Marillion With Friends From The Orchestra
Birmingham Symphony Hall
Proggers pull off the band-withstrings-and-brass trick with aplomb.
If success is the best revenge, then Marillion’s enduring high profile as arena-filling Britprog figureheads feels like a bold two-fingered salute to their critics. More than 30 years after their commercial chart peak, the Aylesbury quintet still command an impressively large cult following despite scant support from mainstream media or major labels. Their latest tour features a six-piece chamber orchestra, which adds welcome lightness and texture to otherwise often overwrought baroque’n’roll.
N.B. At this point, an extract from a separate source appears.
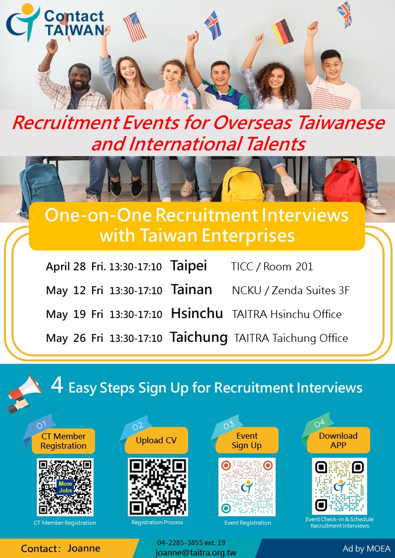 經濟部為協助僑外生畢業後,能繼續留在台灣,學以致用,同時協助國內企業掌握海外人才及在臺僑外生之人力資源,將邀請在臺僑外生、華僑及外籍人士等參加,與企業在現場進行一對一面談。藉由這次就業媒合會提供機會給有志留在台灣工作的外籍生,與台灣企業進行面對面的交流與了解,以促進雙方的合作。此外,該活動還將提供相關的法律、就業資訊等相關說明,協助外籍生更好地了解在台灣就業的相關情況。

Frontman Steve Hogarth cuts an agreeably louche figure, his swashbuckling stage persona falling somewhere between Lord Byron and Lovejoy. Besides lending Marillion a vague whiff of real rock-star charisma, Hogarth has also helped steer them towards more contemporary, melodious, art-rock territory. Most of tonight’s set sounds more Radiohead than Genesis, although Steve Rothery’s setpiece cosmic guitar solos remain unashamedly Floydian.
Drawing heavily on recent albums, the show is thick with bombastic neo-prog epics like Gaza, The New Kings and Power, although Hogarth’s impassioned delivery seems better suited to more conventional, romantic power ballads like The Sky Above The Rain and The Great Escape. The expanded orchestral rearrangements are generally effective too, used sparingly but crisp and lustrous. Impressively, Marillion are one of the few bands who can perform with an orchestra and sound less pretentious as a result.